[RECORDS FOR THIS TASK Boundary: Start]

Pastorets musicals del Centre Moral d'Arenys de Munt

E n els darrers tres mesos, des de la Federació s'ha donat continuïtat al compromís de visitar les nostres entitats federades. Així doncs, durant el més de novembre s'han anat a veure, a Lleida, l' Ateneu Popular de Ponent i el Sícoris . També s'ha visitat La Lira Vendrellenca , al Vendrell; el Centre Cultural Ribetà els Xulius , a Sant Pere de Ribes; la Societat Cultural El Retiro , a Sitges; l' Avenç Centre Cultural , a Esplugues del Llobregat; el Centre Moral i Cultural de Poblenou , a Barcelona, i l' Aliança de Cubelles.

[RECORDS FOR THIS TASK Boundary: End]
[RECORDS FOR THIS TASK Boundary: Start]

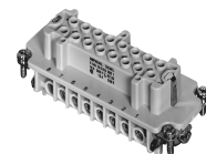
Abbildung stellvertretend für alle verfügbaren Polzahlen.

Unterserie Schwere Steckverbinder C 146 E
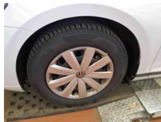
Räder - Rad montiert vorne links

[RECORDS FOR THIS TASK Boundary: End]

◆ **TO DO**: Search the entries for the word "Moral", then copy every line in which it is found.

◆ **REPLY TO THE EXERCISE**:
Pastorets musicals del Centre Moral d'Arenys de Munt
E n els darrers tres mesos, des de la Federació s'ha donat continuïtat al compromís de visitar les nostres entitats federades. Així doncs, durant el més de novembre s'han anat a veure, a Lleida, l' Ateneu Popular de Ponent i el Sícoris . També s'ha visitat La Lira Vendrellenca , al Vendrell; el Centre Cultural Ribetà els Xulius , a Sant Pere de Ribes; la Societat Cultural El Retiro , a Sitges; l' Avenç Centre Cultural , a Esplugues del Llobregat; el Centre Moral i Cultural de Poblenou , a Barcelona, i l' Aliança de Cubelles.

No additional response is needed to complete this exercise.